Ammonium ferric oxalate. This is the green crystalline light sensitive compound used in both the Ware and Ziatype versions of the “printing out “platinum palladium process. It is available here from Silverprint in London at £3.00 for 25 g. It is also sold by Bostick & Sullivan in the States. The developers: e.d.t.a.-di sodium, tartaric acid, citric acid, and oxalic acid. These developers are also available from the suppliers named above. Citric acid and tartaric acid can also be purchased locally from home wine making shops and some chemists. Papers. I have limited my exploration of this process to three papers from the Arches stable: Arches Platine, Bergger COT 320 and Arches Aquarelle. The first two papers are starch sized and the latter; Aquarelle is sized with gelatine. These papers are all of approximately the same weight i.e. 300g/m2 and have excellent wet strength. Their sizing is of a sufficient hardness to allow the sensitiser to be spread evenly. A quick test with another paper, Whatman H.P. (a soft sized paper) revealed that this paper was insufficiently sized for this process and it soaked up the sensitiser like blotting paper. Chrysotype sensitiser is far less viscous than the traditional Pt/Pd sensitisers.

I am indebted to the late
John Rudiak of New Mexico who was tragically in 2000 whilst riding his new motor bike. His interpretation of Dr. Mike Ware’s New Chrysotype process in March of 1996, revealed to the “Alt. Process” community his adaptation of Dr. Ware’s scientific paper, which was previously published in the Journal of Photographic Science, Vol. 42 (1994). John put it into words and numbers, an account that would be understandable to non-chemists such as myself. I quote below from John Rudiak’s original E-Mail:

    “The problem with trying to print (and not just tone) in gold salts prior to Mike Ware’s development of the new Chrysotype process was the annoying tendency of the gold to precipitate out of solution when a sensitiser was mixed using the traditional photo reactive compounds, such as ferric oxalate, etal. It seems that the "crux of the biscuit" (Zappaism - sorry) in this process is the introduction of a suitable ligand to hang onto the gold and keep it in solution long enough for it to be coated and dried. Without a more complicated description of ligand chemistry, all we need to know is that the compound is 3,3 'thiodipropionic acid, (or 3,3 'thiodipropanoic acid in Britain) - same stuff and that we need to use it's di-sodium salt. Mike, who seems to be a fan of ammonia based systems, has chosen ferric ammonium oxalate as the light sensitive iron compound, available here from Spectrum Chemicals. Get the ligand from Lancaster Chemicals in NH. The sensitiser can be compounded into three stable components, which are mixed in equal amounts just prior to coating the paper. Part A of the sensitiser is the gold component and is made by taking a 0.9M solution (35.4%) of gold chloride and adding to it slowly and equal amount of 0.9M sodium hydroxide (3.6%) Part B is the ligand, and is in a 1.25M strength. We want the di-sodium salt, so take 100ml. Water (all distilled here) and add 9.0 gm. sodium hydroxide, COOL, and then add 20.0 GM, TDPA. Part C is the ammonium ferric oxalate, in a 0.45M conc., which works out to 19.3 GM in 100ml water. These will hold up very well if kept separate, the FAO being the least stable. The exposure is very similar in duration and wavelength requirements to Pt/Pd. After exposure, develop in a 1% soln. of either tartaric, citric, or oxalic acid, or even EDTA, di-sodium salt. Do not reuse. Clear for a couple minutes each in 5% EDTA, Kodak Hypo Clear, and another EDTA. Wash well. Both the paper and developer choice influence final colour of the print- haven't had time to try out all parameters. The process is very sensitive to humidity of the coated paper, changing the colour of the prints due to the differing sizes of the deposited colloidal gold particles. I have prints showing a split, with blue highlights and burgundy shadows.”

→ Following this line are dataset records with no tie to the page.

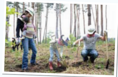
Planting trees in Tokyo Electron Forest
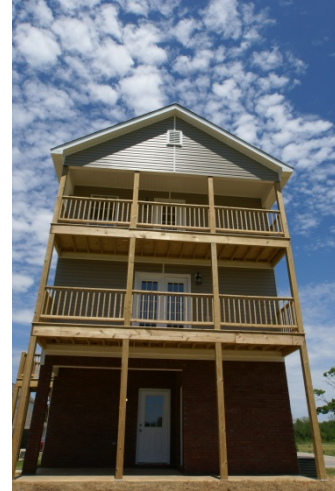
1 st Floor Entrance
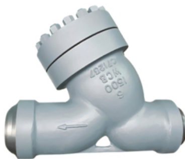
Y Strainer Class 1500 Butt Welded End
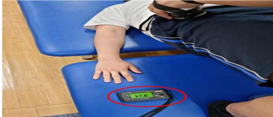
Figure 3. Manual resistance equivalent to 0.5%, 1%, or 1.5% of body weight was displayed visually through the myometer.
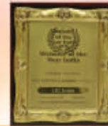
Website of the Year India Award 2015
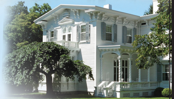
SAG HARBOR WHALING MUSEUM
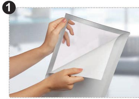
1 Remove the protective film
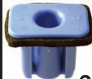
20947 (11561382, 11610198) Blue Nylon

Headlight Grommet With Sealer Head Size: 13mm x 20mm Overall Length: 19mm Pontiac G6 2005 - On
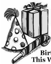
Birthdays This Week
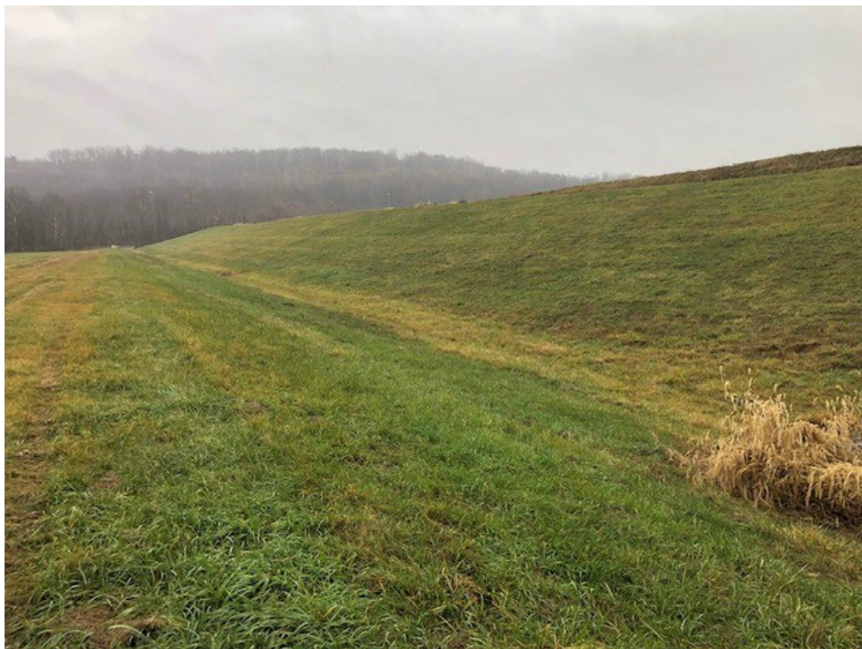
Photograph 22: North non-contact stormwater channel is clear of obstructions. North final cover lower slope is well vegetated and mowed annually. No evidence of animal burrows, erosion, or stability issues.

I have taken the liberty of simplifying John’s instructions even further to give the reader more manageable quantities of the three constituents suitable for an exploration of the Chrysotype process. Note: All water to be distilled. If you are of a nervous disposition, or do not possess the necessary skills or equipment to make up these solutions, then I would advise you to make contact with the chemistry department of your local college. The promise of an original print will usually be enough to persuade a technician to prepare this chemistry for you.

PART A For gold chloride supplied by Johnson Mathey in 1g-glass tubes: - add 3 ml of distilled water with a new 1-ml syringe directly to the opened tube. The gold compound should dissolve immediately. Transfer this gold solution to a clean 10-ml brown dropper bottle with the syringe. Add the remaining 0.5-ml of water to the tube, replace the cap, and shake gently then transfer the remnants to the dropper bottle. Now weigh 1.8 g of sodium hydroxide (the beads are easier to handle than the NaOH crystals) and transfer this to a clean 50 ml graduate containing 30 ml of water, swirl to dissolve and top up to 50 ml with water. Add 3.5 ml of this sodium hydroxide solution to the dropper bottle containing the gold with a syringe slowly, to aid the dispersion of heat, at no more than 0.5-ml increments. Replace the cap, label and discard the remaining sodium hydroxide solution. This should provide you with approx. 7.0 ml of sodium tetrachloroaurate (18%) - enough to make 70 number 5 x 4 prints.

PART B As per J.R.’s instructions but divide the quantities by five to make up 20 ml of the ligand and transfer to a suitably labelled 20-ml dropper bottle. This solution may be unstable so make up only enough to satisfy your needs for a month.

PART C Again, as per John’s instructions. Under tungsten light, dissolve 2g of a.f.o. in 8 ml of water and top up to 10 ml. Transfer to a clean brown 10 ml dropper bottle.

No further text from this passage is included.